For this exercise, the lines from the one with "Each guest will" through the end of the material below must be output exactly, without pictures.

--- RAW DATA ---

□ □ □ □ □

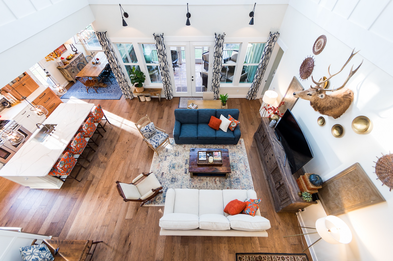 When adding patterns or pops of color to a house it’s important to maintain balance. A good rule of thumb is to keep color schemes relatively simple with patterns that contain the same color or the complementary colors. For example, if you have a blue couch, adding accents of orange throw pillows, chairs or an orange patterned rug can really make a room pop. Alison and Chris Sieburg, with the help of Shawn Starr Custom Homes, created the perfect mix of color and pattern for their modern farmhouse, as seen above.
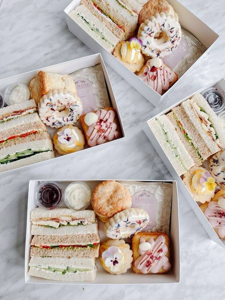 Each guest will receive a curated box that includes 3 elegant tea sandwiches, scones w/jam, 3 desserts, pasta salad and more.
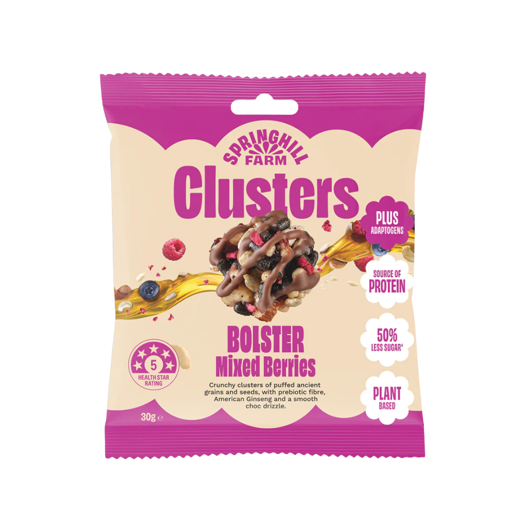 Energize your day with Springhill Farm Boodles Healthy Clusters – a crisp blend of mixed berries, seeds, and grains, held together by fibre syrup and topped with a smooth chocolate drizzle. Enriched with adaptogens, this nutrient-dense snack supports your body’s vitality and sustains your energy throughout the day.
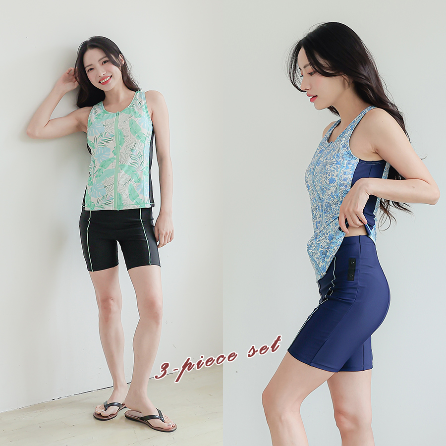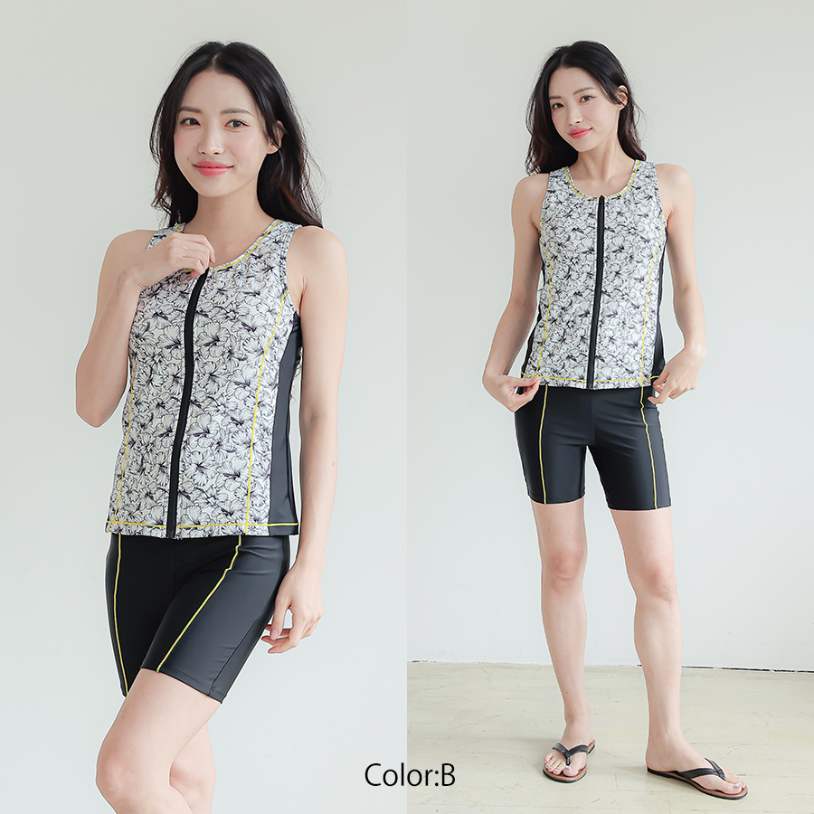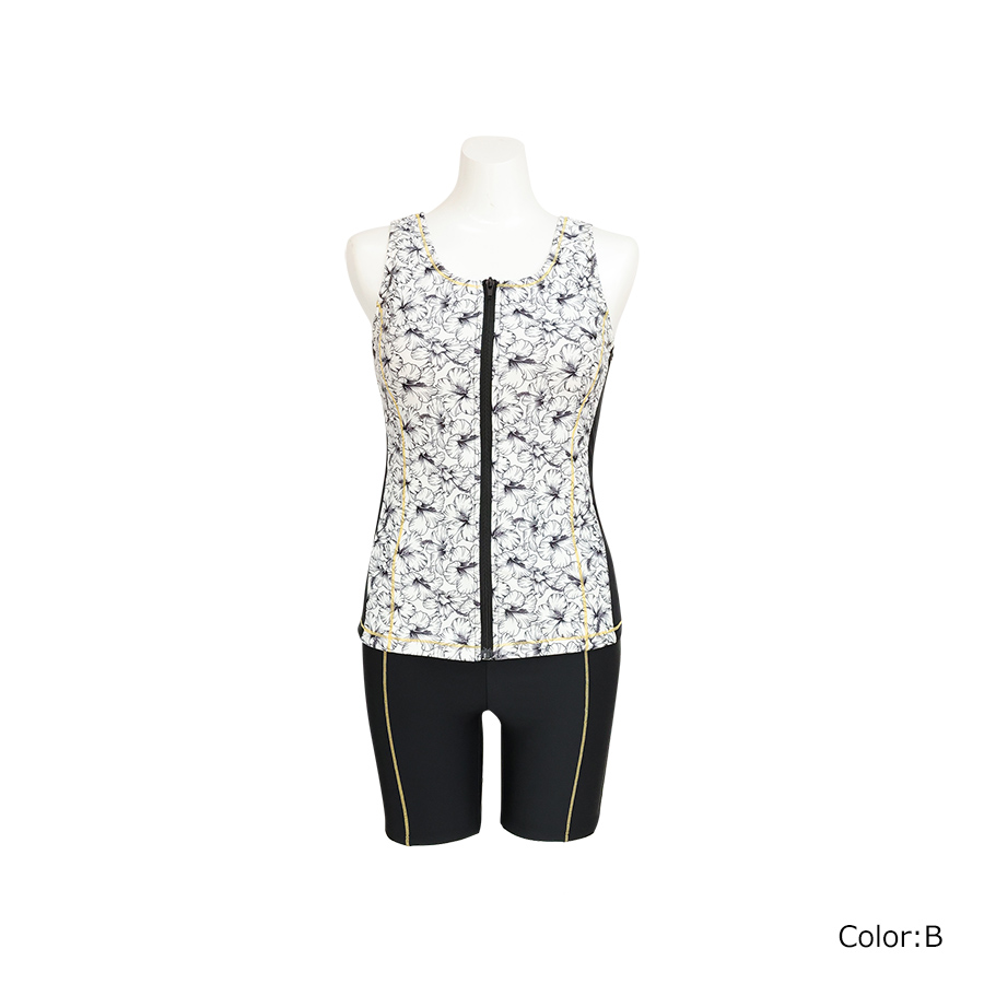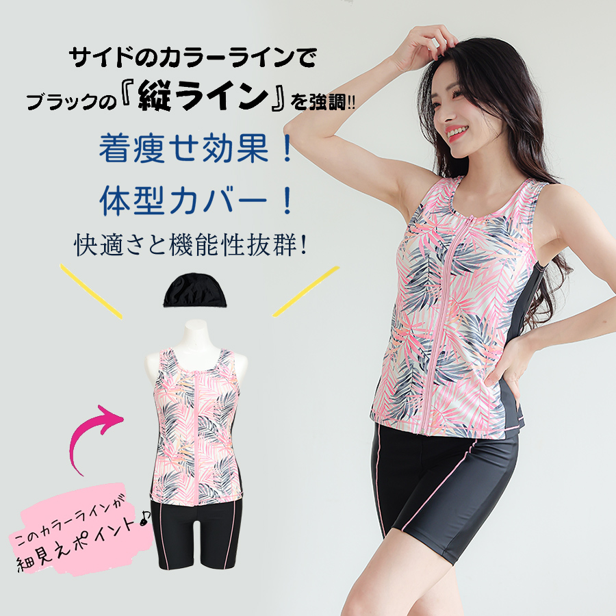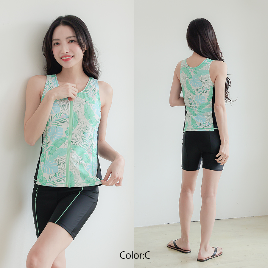 タンク 前ファスナー レディース フィットネス セパレート 体型カバー フィットネス水着 水着スイムウェア めくれ防止 ビキニ 女の子 タンキニ インナー 競泳水着 [ZC8701]

□ □ □ □ □

--- PROBLEM SOLUTION ---
 Each guest will receive a curated box that includes 3 elegant tea sandwiches, scones w/jam, 3 desserts, pasta salad and more.
 Energize your day with Springhill Farm Boodles Healthy Clusters – a crisp blend of mixed berries, seeds, and grains, held together by fibre syrup and topped with a smooth chocolate drizzle. Enriched with adaptogens, this nutrient-dense snack supports your body’s vitality and sustains your energy throughout the day.
 タンク 前ファスナー レディース フィットネス セパレート 体型カバー フィットネス水着 水着スイムウェア めくれ防止 ビキニ 女の子 タンキニ インナー 競泳水着 [ZC8701]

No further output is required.